Sie legt mehrere Seidenbahnen auf die Theke. "Aber unsere Nachbarn hielten die Rote Karte hoch. Da habe ich mir in Warschau eine neue Arbeit gesucht. In den Urlaub fahre ich in diesem Sommer nach Zypern."
Ab dem 1. Mai können Bürger aus den acht osteuropäischen Ländern, die 2004 der EU beigetreten sind, auch in Deutschland und Österreich legal arbeiten. Eine spezielle Arbeitserlaubnis, die bisher nötig war, brauchen sie nicht mehr. Der Grund: 2004 hatten mehrere Altmitglieder der EU ihre Ampeln auf Rot gestellt, da sie glaubten, ihre Arbeitnehmer vor einem Ansturm aus dem Osten schützen zu müssen.
Nach und nach öffneten sie aber ihre Arbeitsmärkte. Großbritannien, Irland und Schweden profitierten in ungeahntem Maße von den Arbeitsmigranten. Auch Norwegen, das kein EU-Mitglied ist, warb bereits 2004 in Polen und Litauen intensiv um Ingenieure, qualifizierte Handwerker und Bauarbeiter.
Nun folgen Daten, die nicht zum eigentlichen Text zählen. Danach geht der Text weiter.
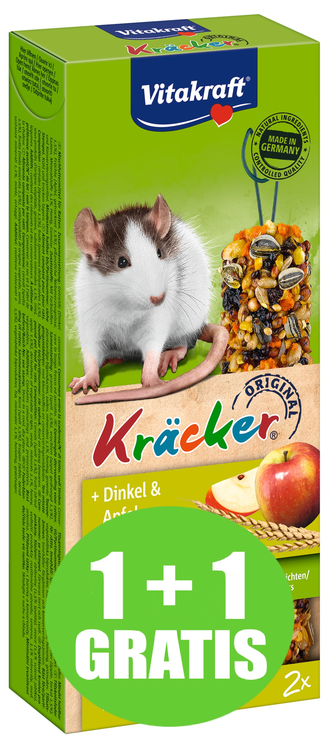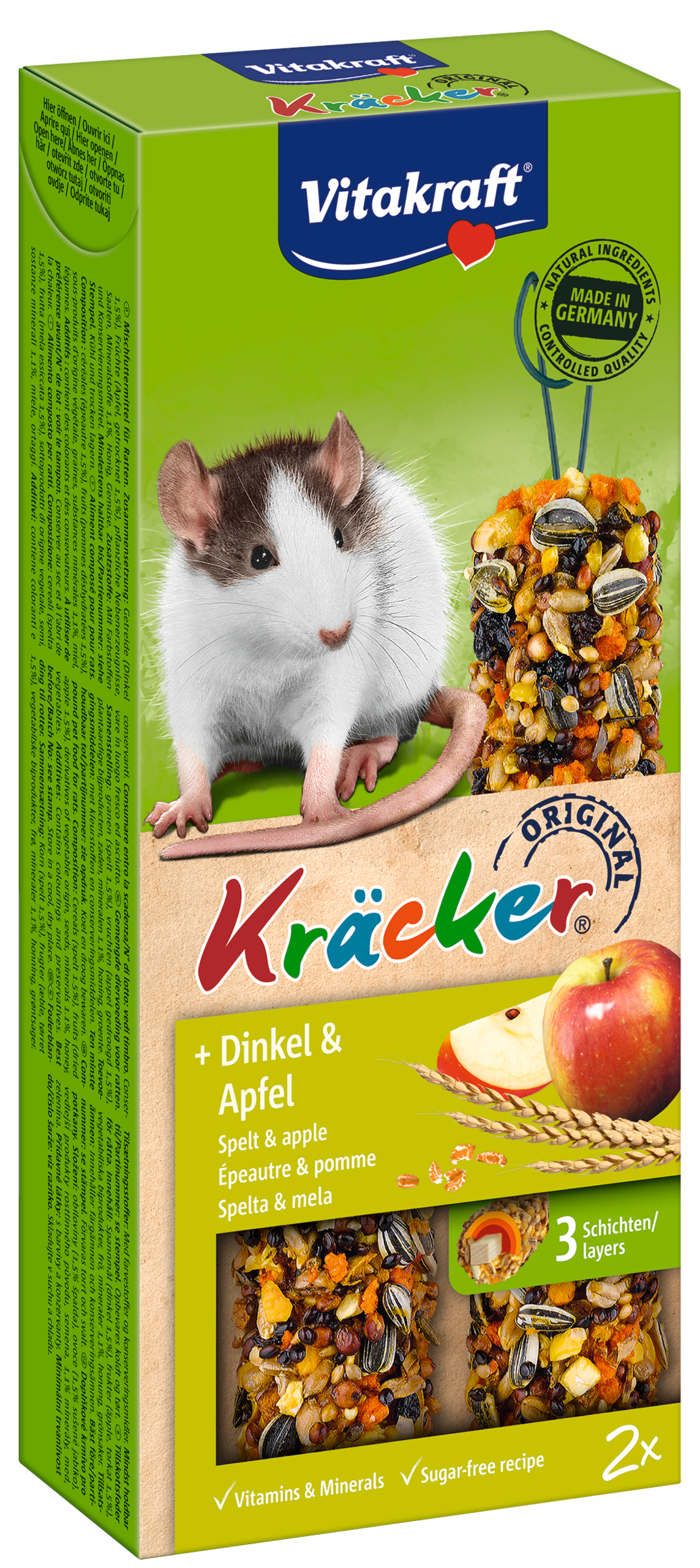 De orginele Vitakraft Kräckers zijn een verantwoorde lekkernij en bevatten lekkere granen, spelt en appel op een natuurlijk knabbelhoutje. De Kräckers zijn lekker van smaak en 3-voudig gebakken waardoor de ingrediënten stevig vastzitten en de rat bezig wordt gehouden zoals dit in de vrije natuur ook gebeurt. Dit geeft de rat de nodige beweging en zorgt ervoor dat hij zijn tanden op natuurlijke wijze kan afslijten. De Kräckers zijn afgestemd op de voedingsbehoefte van de rat. Het Vital-Complex voorkomt gebreksverschijnselen en zorgt voor extra vitaliteit van het dier. Met waardevolle vitamines en bereid volgens een suikervrije receptuur.
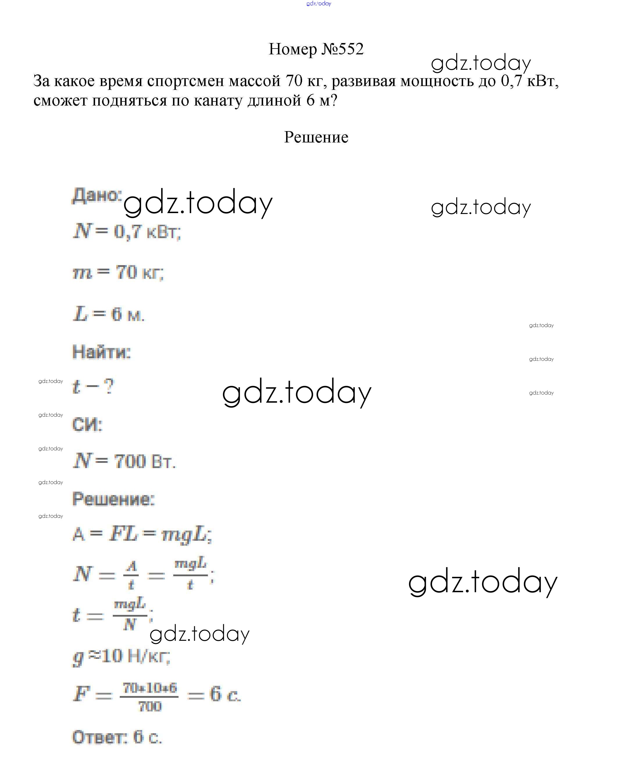 На страницах сайта gdz.today вы найдете учебный и вспомогательный материал, направленный на улучшения знаний школьной программы. ГДЗ - онлайн мир знаний Решение к заданиям 7 класс 552 Сборнику вопросов и задач по Физике для 7-9 класса Марон, Позойский Дрофа Вертикаль 2013
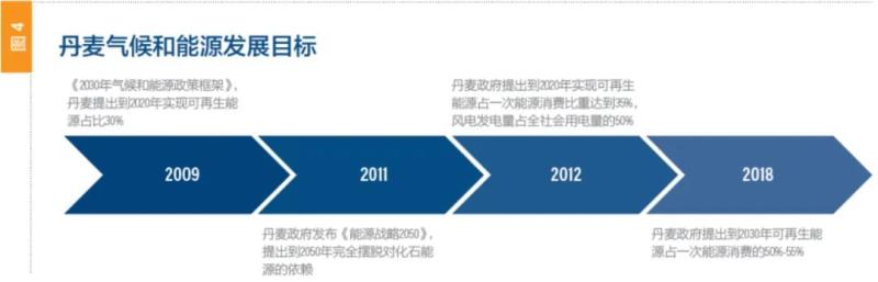 丹麥?zhǔn)侨蝻L(fēng)電發(fā)展最為領(lǐng)先的國家之一,一個(gè)關(guān)鍵因素就是,在歐盟整體低碳轉(zhuǎn)型的框架下,丹麥政府制定了明確的氣候和能源戰(zhàn)略目標(biāo)(見圖4),到2050年完全擺脫對化石能源的依賴。
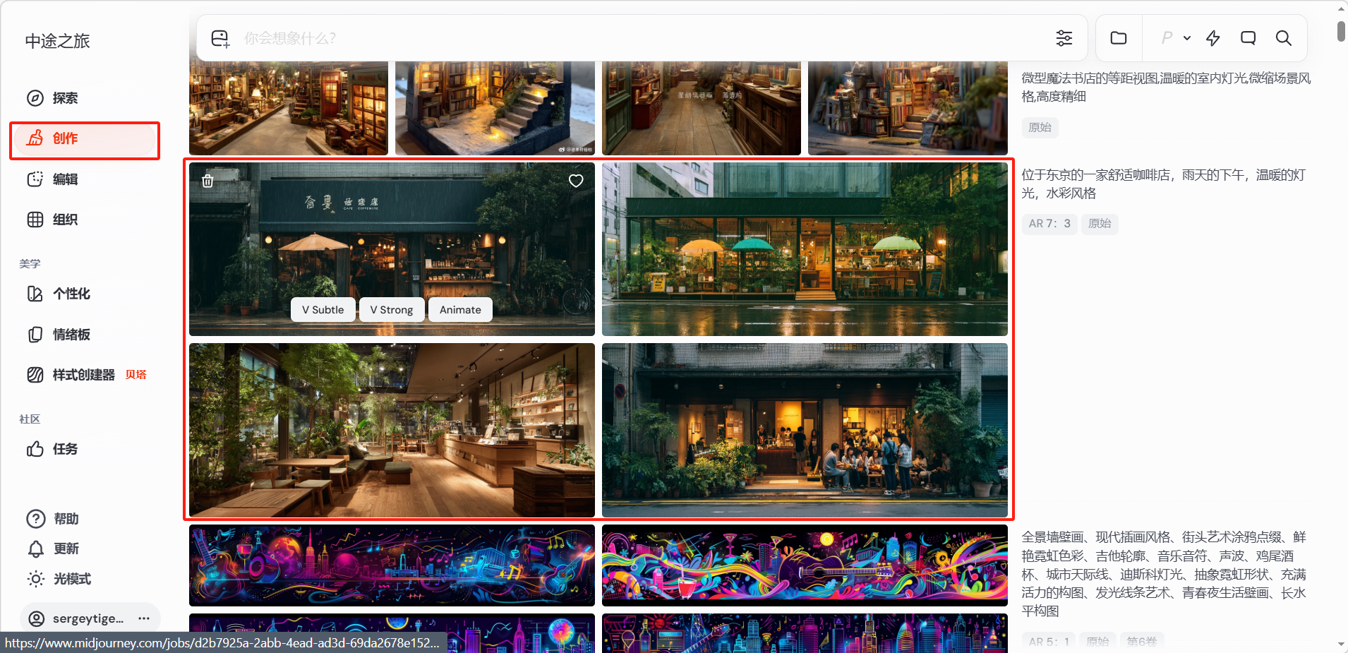 在 Imagine 栏中输入用户想生成的画面描述,然后按下回车键。Midjourney 会为用户生成一组四张图片(即一个"图片网格")。生成的图片可以在「创作」页面找到。
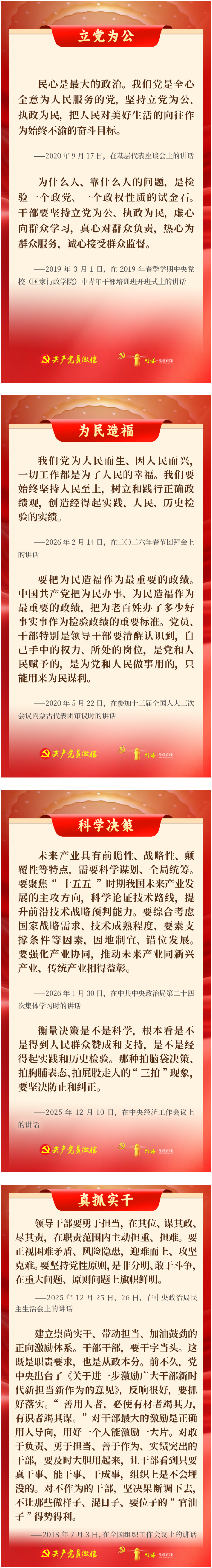 中共中央办公厅印发《关于在全党开展树立和践行正确政绩观学习教育的通知》,明确把“立党为公、为民造福、科学决策、真抓实干”这16个字,作为学习教育的总要求。“十五五”开局之年,一起学习总书记相关重要论述,将16字总要求内化于心、外化于行,树立和践行正确政绩观,投身强国建设、民族复兴的关键一程。
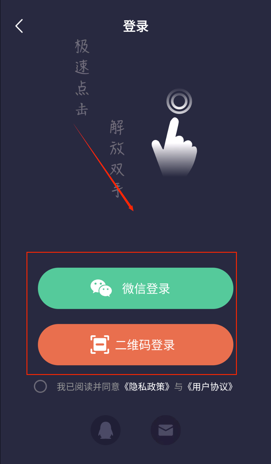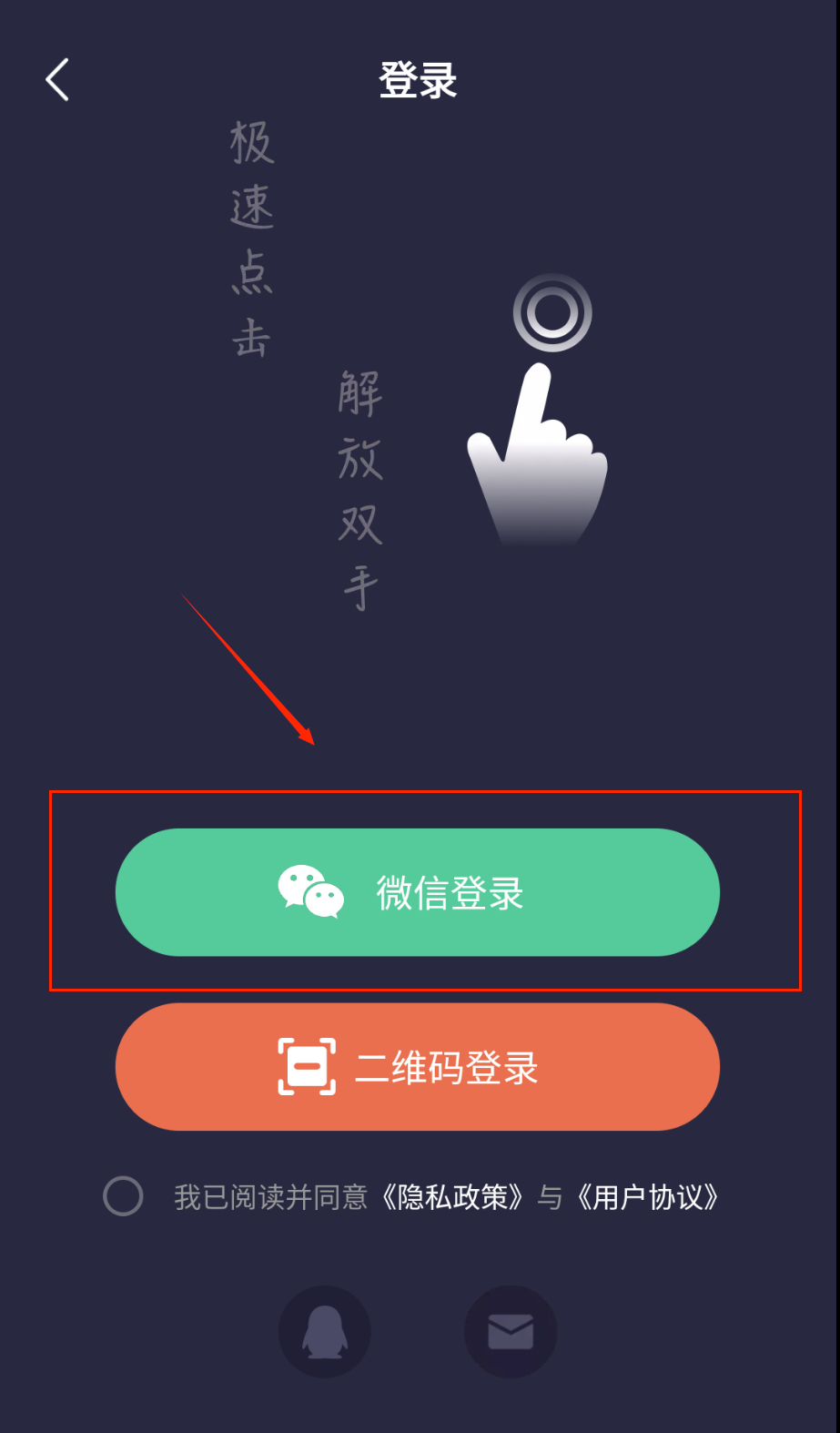 1、打开软件后首先来到登录界面,顶部中央显示"登录"字样,左侧有返回箭头可用于返回上级页面,右侧有"极速点击解放双手"的功能提示。
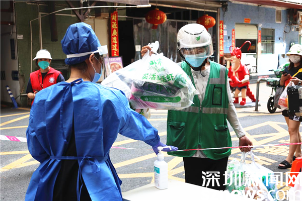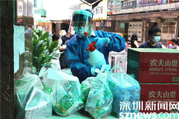 8月29日下午,深圳新聞網(wǎng)記者來(lái)到羅湖區(qū)南湖街道文錦社區(qū)凱悅?cè)A庭,只見小區(qū)居民正保持著一米距離有序地進(jìn)行核酸檢測(cè),身穿防護(hù)服的“藍(lán)墩墩”在一旁忙碌著。記者在現(xiàn)場(chǎng)看到偶有“騎士”將居民在網(wǎng)上商城所下單的物資像傳送接力棒一樣交到“藍(lán)墩墩”的手上,“藍(lán)墩墩”接過(guò)之后,立即進(jìn)行全方位的消殺工作。
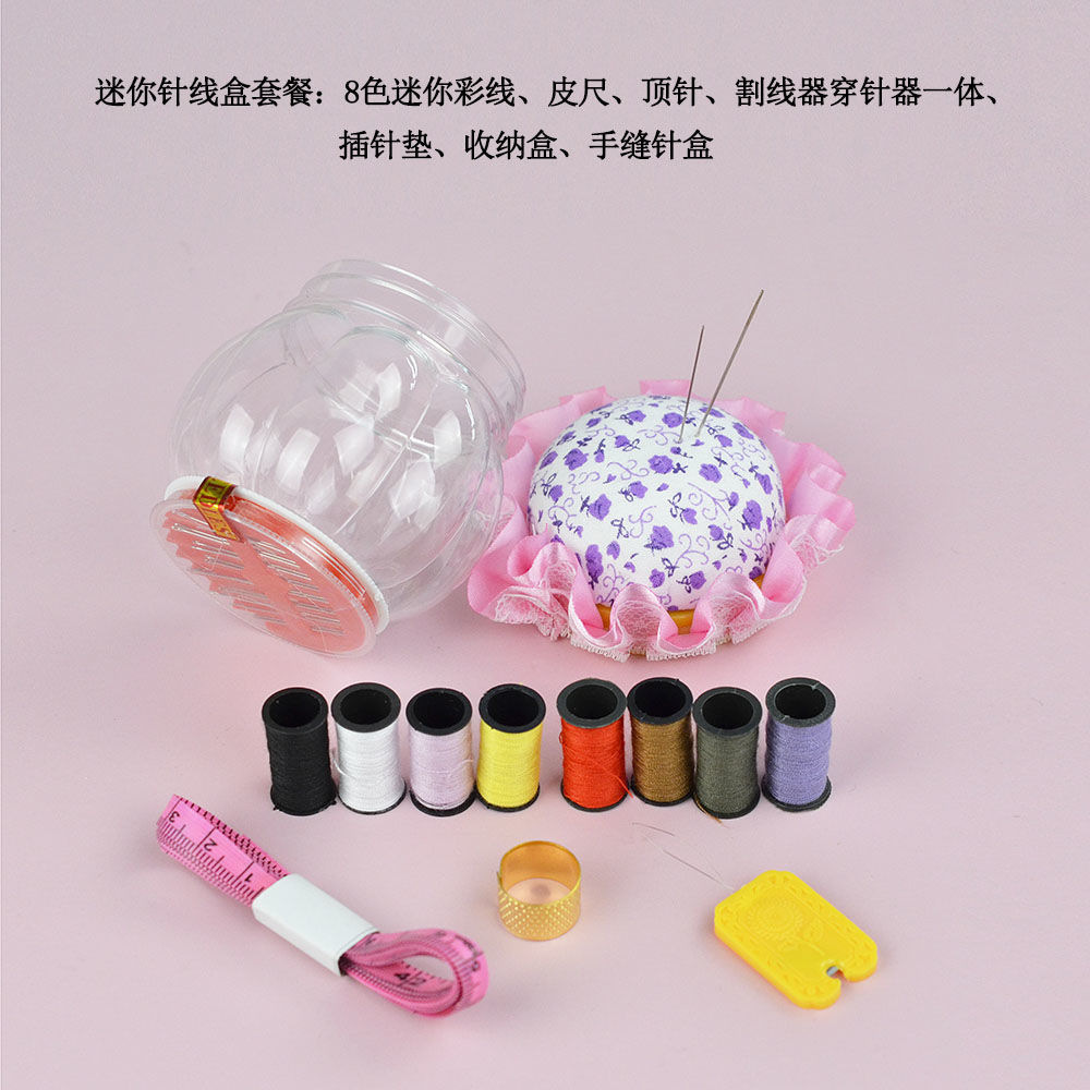 【产品组成】:插针垫,南瓜盒,8色线,针盒, 穿 针割线器,顶针,皮尺组成,供家庭日常使用,方便实用。国内销售,国外出口欧美东南亚中东等等地区。
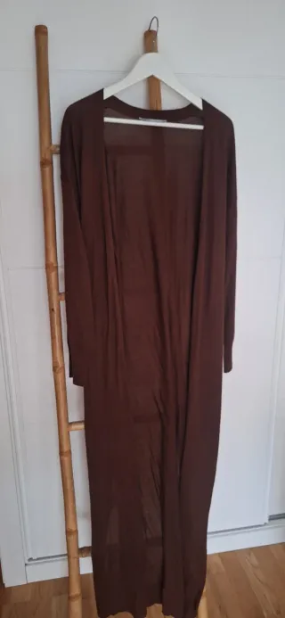 Chaqueta mujer larga de punto fino de Zara, color marrón chocolate. Talla S. En perfecto estado, como nueva, puesta un par de veces.
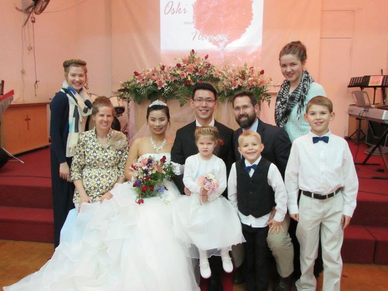 Jesus really helped us by finding the perfect blue bow tie which perfectly matched the groomsmens' bow ties. Thankfully Elijah already had the rest of his dressy clothes with him, and U. Charlie and A. Yoli got him his nice shoes for his recent birthday.~
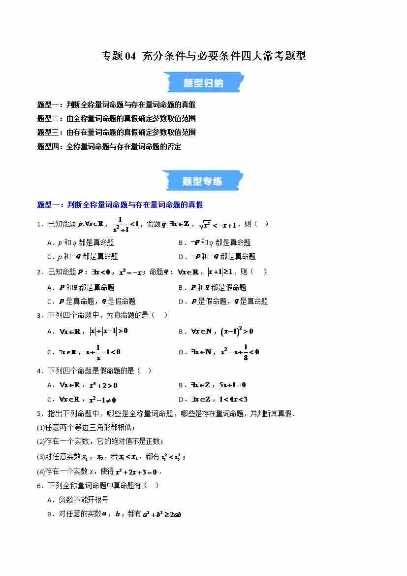 专题05 全称量词与存在量词四大常考题型(高效培优专项训练)(学生版)
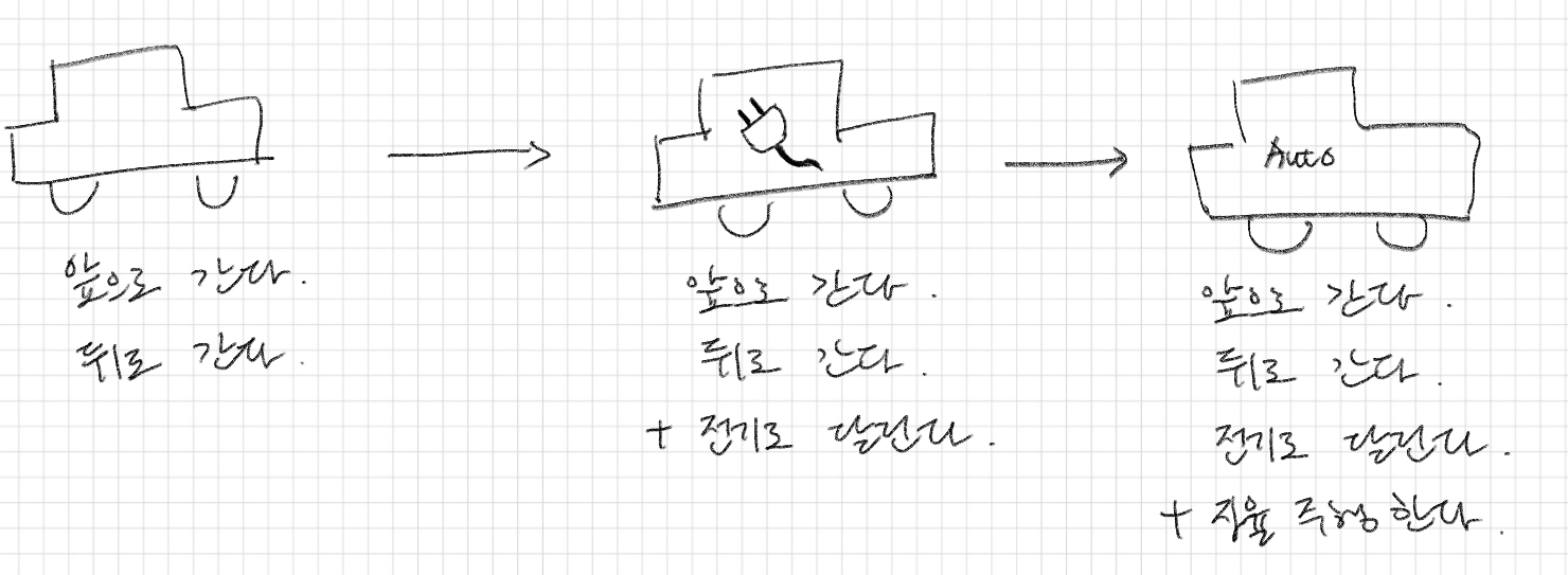 자동차의 기능을 상속하고 기능이 추가되어 구체화된다. 상속은 클래스 사이의 필드, 메소드의 중복 선언을 줄여준다. 또한 필드와 메소드를 재사용해서 클래스를 간결화한다. 마지막으로 클래스 간의 계층적 분류를 활용하여 관리에 용이하다.
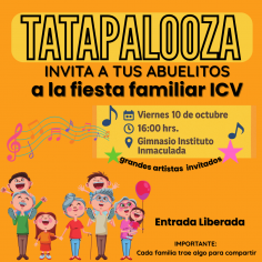 ¡Celebramos juntos la Gran Fiesta de la Familia! Este viernes 10 de octubre se realizará la segunda versión del Tatapalooza, un encuentro organizado por la Unidad de Pastoral de nuestro Instituto, pensado especialmente para celebrar y compartir junto a quienes
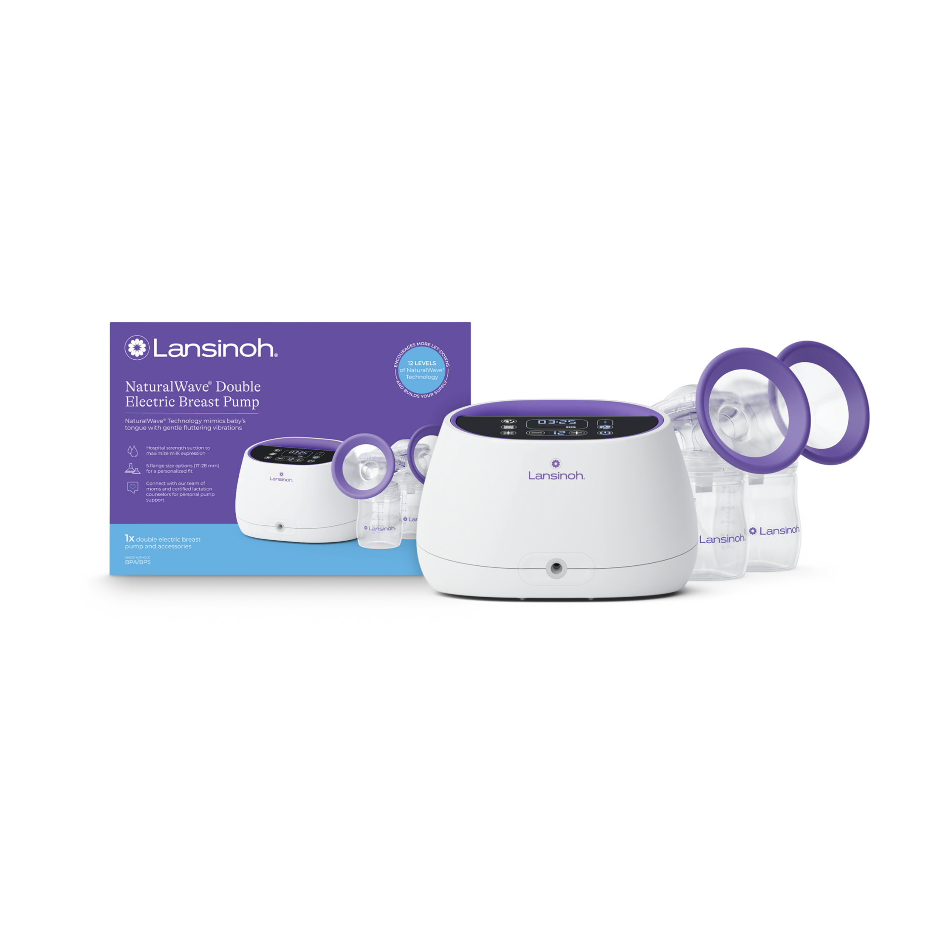 Pair with Lansinoh’s other pumping and breastfeeding essentials like the NaturalWave baby bottles, breastmilk storage bags, pumping bra and breast pads.

Seit einiger Zeit suchen nun auch private Arbeitsagenturen und Headhunter aus Deutschland und Österreich den polnischen Arbeitsmarkt nach Fachkräften ab. Doch das Interesse hält sich in Grenzen. Löhne und Gehälter in den beiden Ländern sind längst nicht mehr so attraktiv wie vor sieben Jahren, als die Arbeitslosenrate in Polen bei knapp 20 Prozent und das Durchschnittseinkommen unter 1.000 Euro lag.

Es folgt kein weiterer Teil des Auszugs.